Plusieurs événements peuvent conduire les personnes âgées vers des problèmes de dépression. Un deuil non résolu, des incapacités physiques ou d'autres problèmes de santé ainsi que les transitions de vie comme la retraite font partie des causes. Le risque de dépression est également plus grand chez les femmes, les personnes avec un faible statut socioéconomique et celles avec un faible support social, entre autres.

Cependant, les problèmes dépressifs non traités peuvent avoir des conséquences sociales et individuelles importantes. «Il peut en résulter une aggravation de la condition de santé des personnes, puisque la dépression s'accompagne souvent de mauvaises habitudes de vie comme le tabagisme, une mauvaise alimentation et le manque d'activité physique, explique Karine Demers.

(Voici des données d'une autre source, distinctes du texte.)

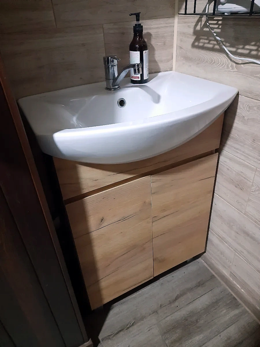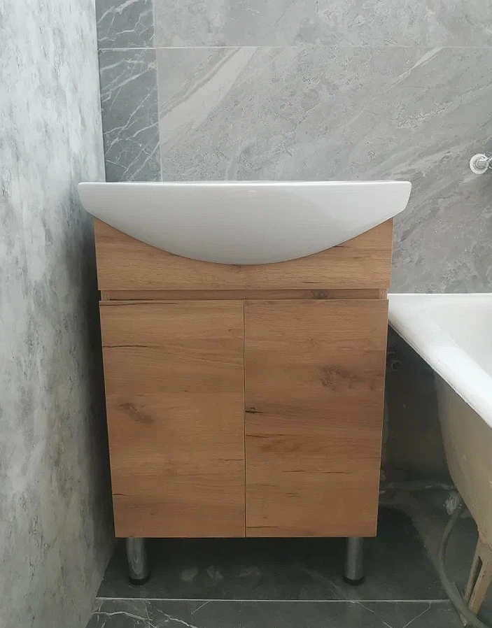 Напольная тумба под раковину Modul 600-2-0 в цвете дуб золотой — это сочетание лаконичного дизайна, компактности и функционального хранения. Благодаря ширине 56 см модель отлично подходит для небольших и средних ванных комнат, создавая аккуратный и организованный интерьер даже в ограниченном пространстве. Корпус и фасады выполнены из влагостойкой ЛДСП с прочным матовым ламинированным покрытием. Текстура дуб золотой добавляет интерьеру естественности и тепла, при этом матовая поверхность остаётся практичной — на ней менее заметны отпечатки и следы от капель воды. Тумба рассчитана на установку раковины Балтика 60, создавая аккуратную функциональную зону умывальника. Высота конструкции вместе с раковиной составляет 84 см, что обеспечивает комфортное использование для всей семьи. Внутри размещена система хранения с двумя дверцами, которая позволяет аккуратно организовать бытовую химию, средства ухода, косметику и другие необходимые предметы. Дверцы оснащены механизмом доводчика, обеспечивающим мягкое и бесшумное закрывание — без хлопков и лишней нагрузки на фурнитуру. Интегрированная ручка подчёркивает чистоту линий серии Modul и делает конструкцию современной и удобной. Преимущества тумбы Modul 600-2-0 тёплый оттенок натурального дуба — уютный акцент для современной ванной; компактная ширина 56 см — идеальна для небольших помещений; влагостойкая ЛДСП с матовым покрытием — долговечность в условиях высокой влажности; совместима с раковиной Балтика 60 (высота тумбы с раковиной — 84 см); дверцы с доводчиками — мягкое и бесшумное закрывание; интегрированная ручка — аккуратный, минималистичный внешний вид; удобное внутреннее пространство для хранения; напольная конструкция — устойчивая и практичная. OLEVARO проектирует мебель с акцентом на долговечность, удобство и устойчивость к влажной среде, что особенно важно для ванной комнаты. Если вам нужна стильная и компактная напольная тумба под раковину в тёплом древесном оттенке, которая обеспечит порядок и подчеркнёт современный интерьер, — Modul 600-2-0 танет отличным выбором

La souffrance qui accompagne la dépression peut également réduire la qualité de vie pour la personne elle-même, mais également pour son entourage.»

Ces situations peuvent aussi se répercuter sur le système de santé, par une institutionnalisation précoce, des consultations médicales à répétition et éventuellement des coûts importants pour l'État. On note aussi un risque accru de mortalité, notamment en ce qui a trait aux suicides liés à une dépression majeure – surtout chez les hommes de 60 ans et plus.

Changer les croyances

Dans le cadre de son projet, Karine Demers cherche donc à mieux comprendre les croyances et les attitudes des personnes âgées qui ont une incidence sur la décision de consulter ou non un médecin pour des problèmes de dépression. «Ainsi, cette recherche fournira des données sur la santé mentale des personnes âgées aux organismes oeuvrant dans le secteur de la santé publique, dit-elle. Cela viendra combler une carence importante, puisqu'il existe peu d'information sur la santé mentale des aînés au Québec.» En effet, les études sur le sujet sont majoritairement américaines et européennes. La doctorante souhaite ainsi qu'on puisse changer certaines croyances, par exemple, par des campagnes de sensibilisation, ce qui pourrait induire un changement de comportement des personnes âgées et les inciter davantage à consulter leur médecin pour des symptômes dépressifs.

La collecte de données est sur le point d'être complétée et la rédaction de la thèse est prévue pour l'an prochain. L'étude s'annonce des plus pertinentes dans le contexte du vieillissement de la population et du défi qu'il pose à notre système de santé.